- WHAT THE TASK ASKS
What you write should be an exact repeat of the lines from the one with "G2IJER-AFZ. ; ////" through the final line below, minus the pictures.

- COLLECTED MATERIAL
◆ ◆ ◆ ◆ ◆

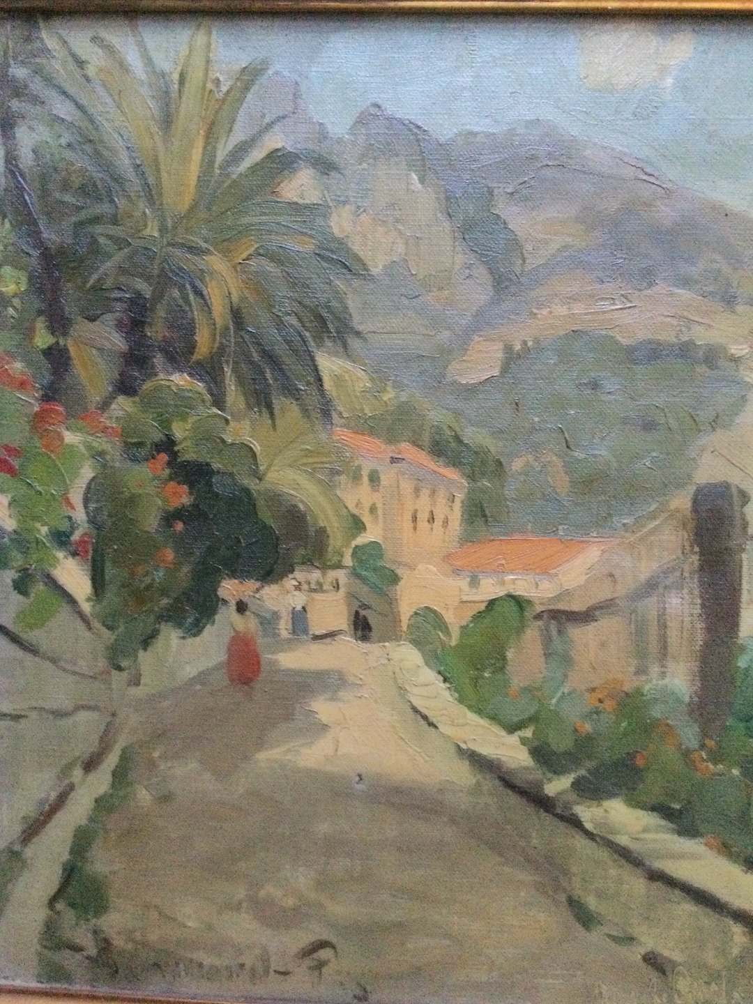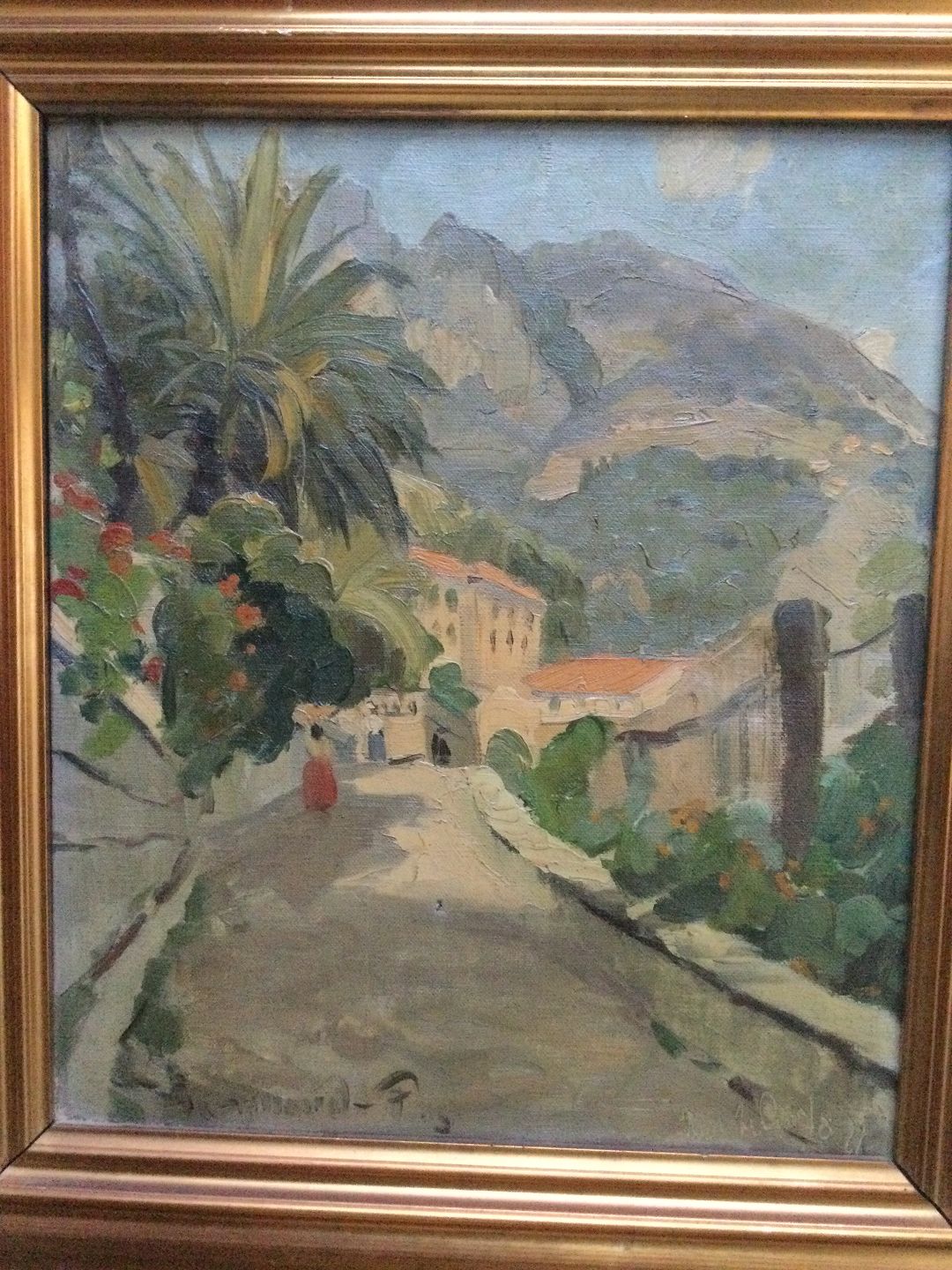 Text available in Danish: Maleri af Aage Bernhard-Frederiksen - Parti fra Monte Carlo, Monaco 1921.
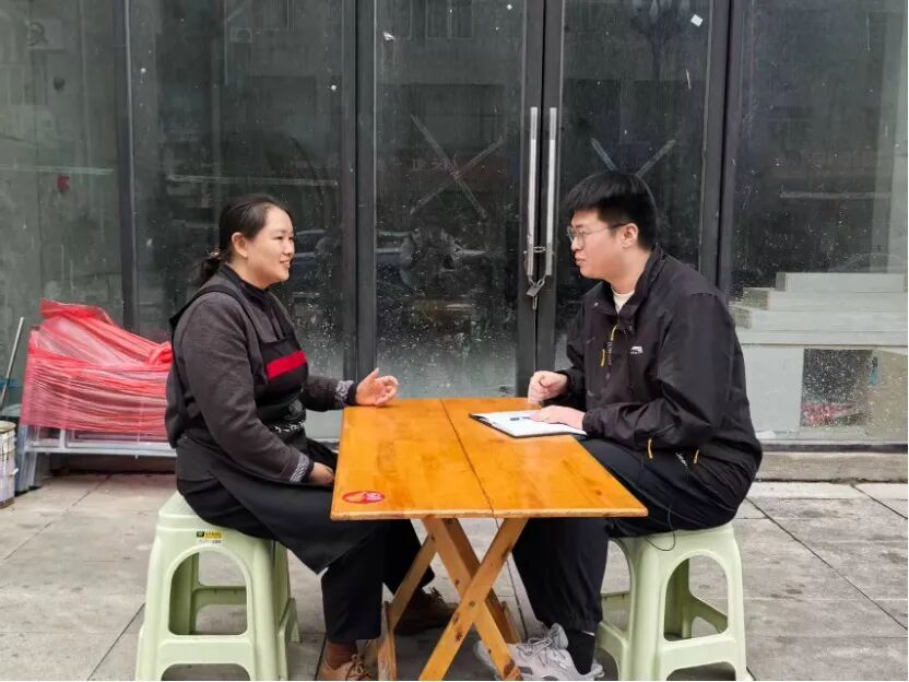▲中国人民大学应用经济学院博士生陈荣恺访谈平武县乡村振兴服务中心田永林主任
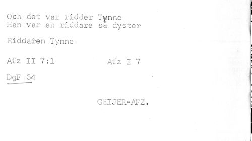 //// Och det var ridder Tynne [ //// Han var en riddare sa dyster j //// Riddaren Tynne //// Af z II 7:1 Af z I 7 j //// DgF 34 I //// G2IJER-AFZ. ; ////
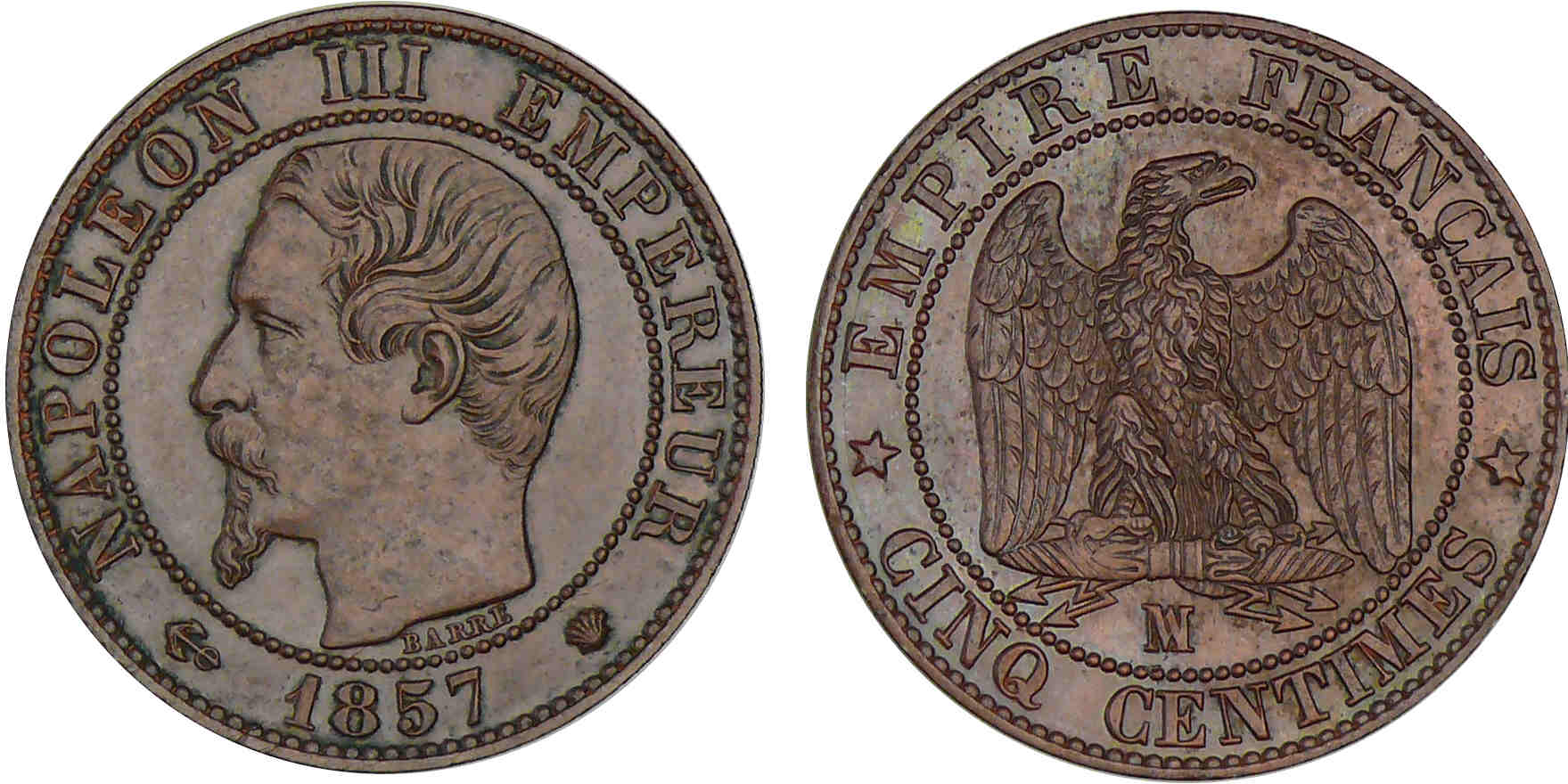 5 centimes Napoléon III tête nue 1857 MA (Marseille)

◆ ◆ ◆ ◆ ◆

- OUTPUT OF THE TASK
 //// Och det var ridder Tynne [ //// Han var en riddare sa dyster j //// Riddaren Tynne //// Af z II 7:1 Af z I 7 j //// DgF 34 I //// G2IJER-AFZ. ; ////
 5 centimes Napoléon III tête nue 1857 MA (Marseille)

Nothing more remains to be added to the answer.